In this article we’ll be looking at the reality behind these claims and ponder humanity’s progress towards becoming a Type I civilization. But this is Hackaday, so we’re also going to dig into the guts of some AI chips, including the Kendryte K210 and see how the hardware of today fits into our Glorious Future.
Introducing the K210
The Kendryte K210 System-on-Chip is the AI-on-the-edge chip du jour and combines a dual-core, 64-bit RISC-V processor, along with the usual slew of peripherals. As for the target market of this chip, Kendryte summarizes it as:
Kendryte in Chinese means researching intelligence. The main application field of
this chip is in the field of Internet of Things. The chip provides AI solutions to
add intelligence to this.
Of relevance there is the KPU processor which the K210 datasheet describes as:
KPU is a general-purpose neural network processor with built-in convolution,
batch normalization, activation, and pooling operations. It can detect faces or
objects in real time.
In the same PDF we can find more detailed information about what this KPU’s feature set is:
- Targeted towards convolutional neural networks (CNNs).

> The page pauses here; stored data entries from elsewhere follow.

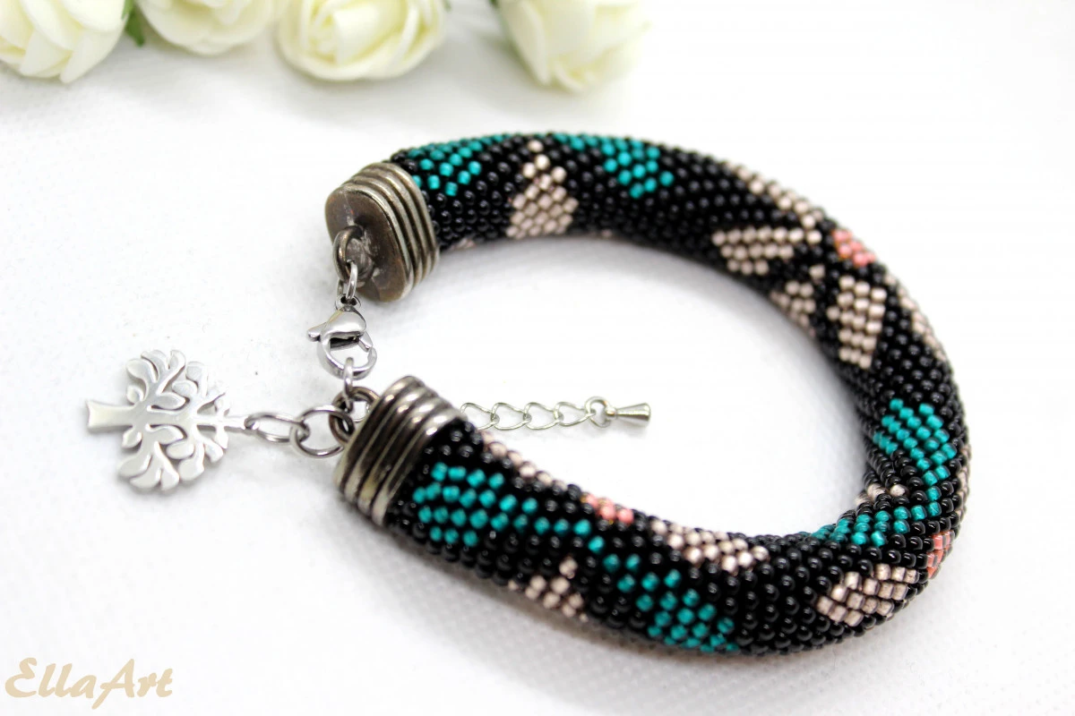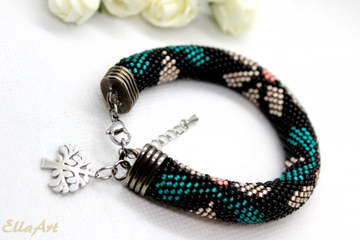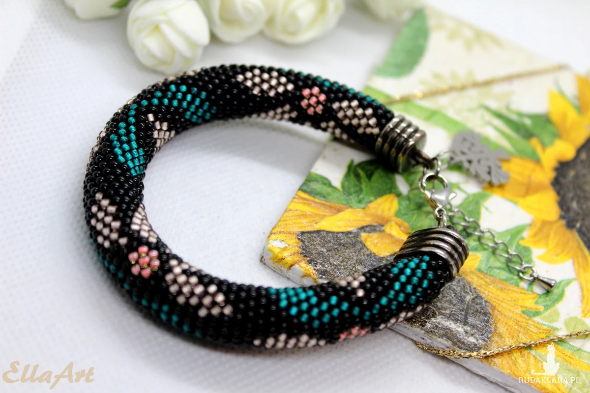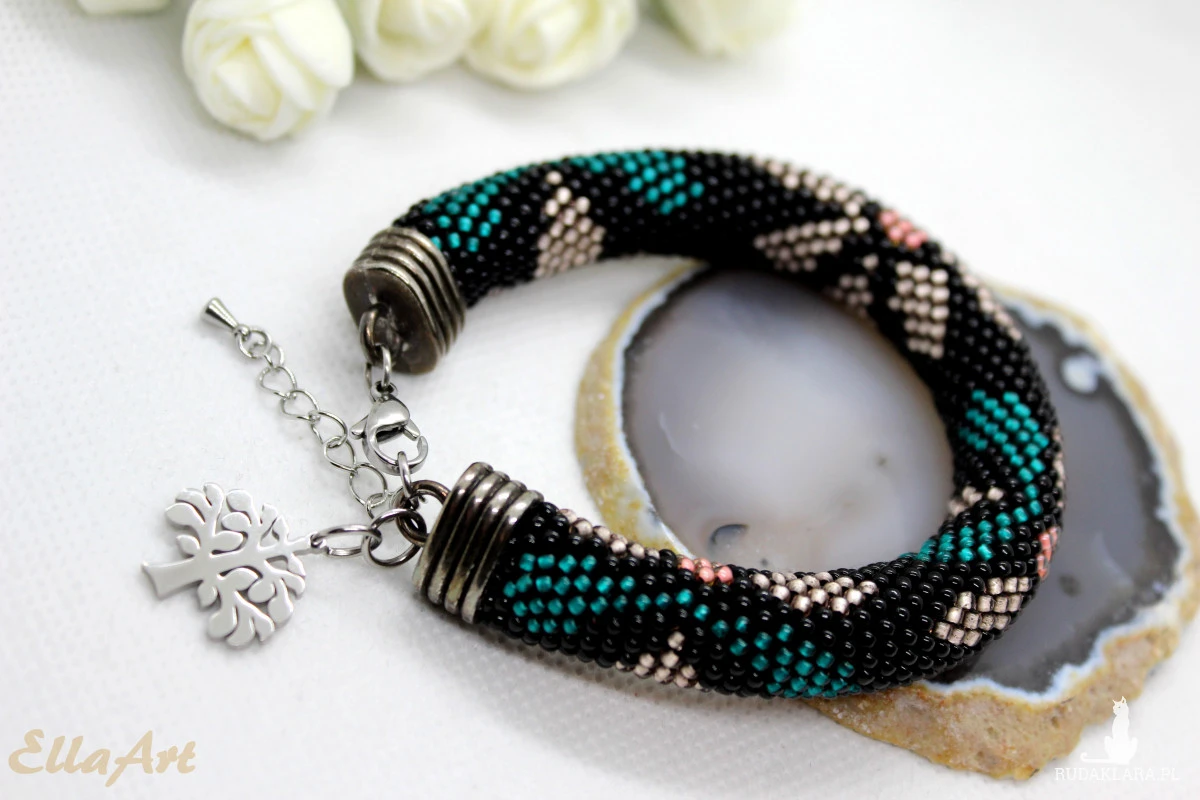 wykonana ręcznie, techniką ukośnika, ze szklanych koralików japońskiej
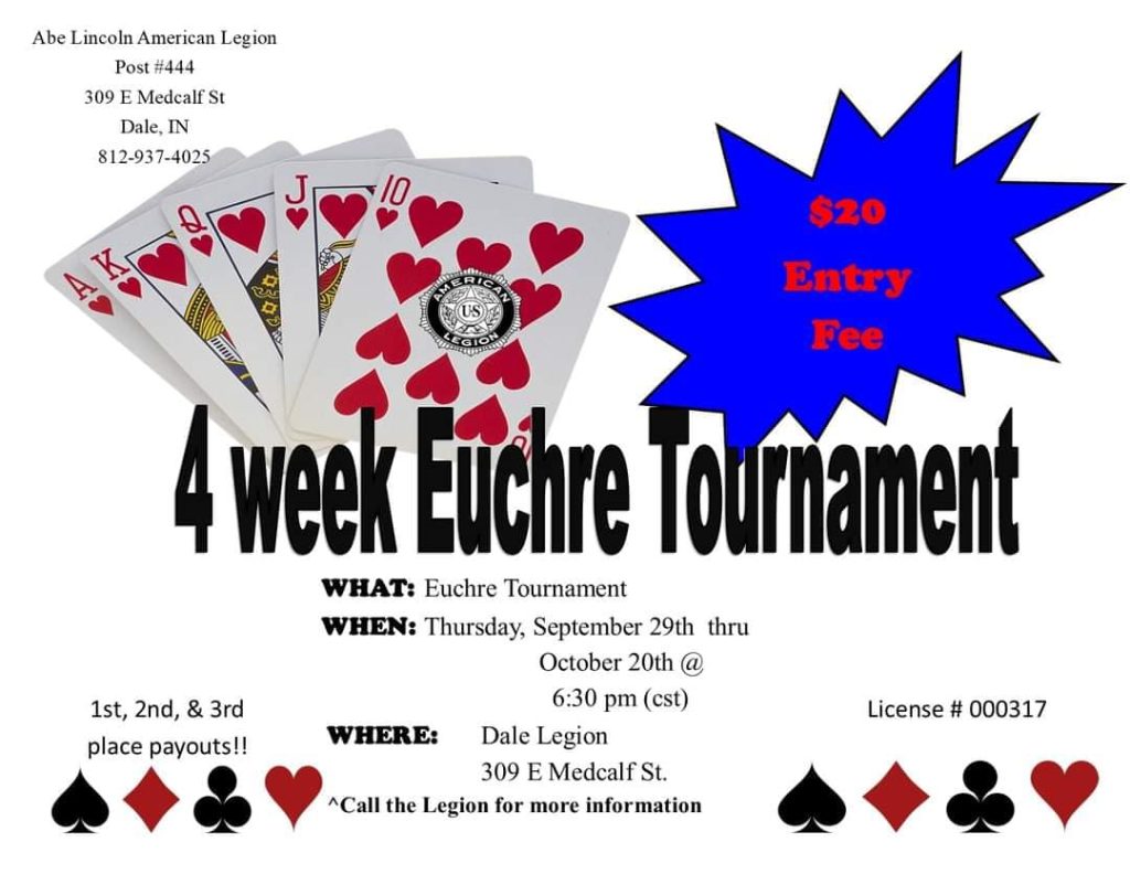 ANNOUNCEMENTS Abe Lincoln American Legion Euchre Tournament set to begin Thursday ByLocal Sources September 28, 2022September 28, 2022 Reading Time: 1 minute Share
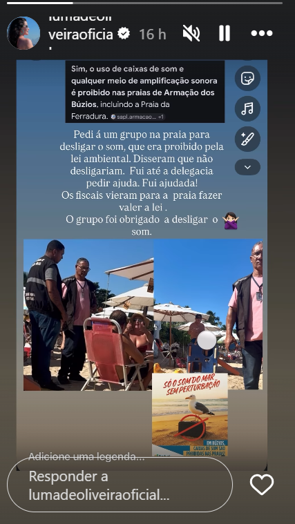 A atriz Luma de Oliveira acionou nesta semana agentes de postura da prefeitura de Armação dos Búzios após ser incomodada por som alto na praia. A fiscalização foi chamada para garantir o cumprimento do Decreto nº 1.321, de 26 de dezembro de 2019, que estabelece regras para o uso da faixa de areia no município.
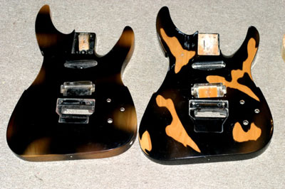 This is a custom Vandenburg made for an endorsing artist. Typically when a request for a special guitar comes in, three identical units are made. This insures the artist receives the guitar in a timely fashion, even when mistakes are made on the production line. These are two bodies left over from this process.
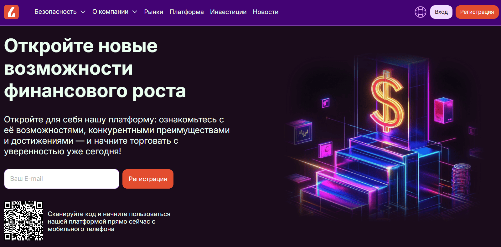 На сайте — ни имён руководителей, ни юрлица, ни адреса офиса. Форма обратной связи и QR-код для «мобильного входа» — всё, чем располагает пользователь. Это типичная стратегия анонимных брокеров, которые собирают депозиты, а затем исчезают вместе с деньгами.

- Supports CNN kernels of dimensions 1×1 or 3×3.
- Supports any kind of activation function.
This all gives us a clear hint that what we’re dealing with here is a bit of silicon that is aimed at speeding up the processing of convolutional neural networks (CNNs), which are commonly used in areas involving machine vision. In a nutshell, convolutions are applied as filters, enhancing some features like edges, lines, and points, and then these features are used as inputs for deeper layers in a neural network. Machine vision, and more specifically object- and face-recognition, is probably what they’ll be good for.
So where’s the intelligence in this contraption?
Making Machines See with CNNs
The point of CNNs is to add something akin to a retina to a computer system, much like how other algorithms like Recursive Neural Networks (RNNs) along with Hidden Markov Models (HMMs) are used for natural language recognition. In essence it adds something akin to the senses and (depending on the type) part of a cortex associated with that sense. (If a CNN is doing what a human retina does, and a CNN is an artificial intelligence, do I actually have “smart retinas”?)
Much like a retina, a CNN used for machine vision is used to reduce the amount of raw image information. With the K210 SoC the ‘KPU’ peripheral is then used to offload CPU-intensive operations to dedicated hardware in order to speed up the processing. This is essentially the same as using a video processor to accelerate similarly parallel tasks with general-purpose computing on graphics processing units (GPGPU) processing, as made popular by CUDA and OpenCL.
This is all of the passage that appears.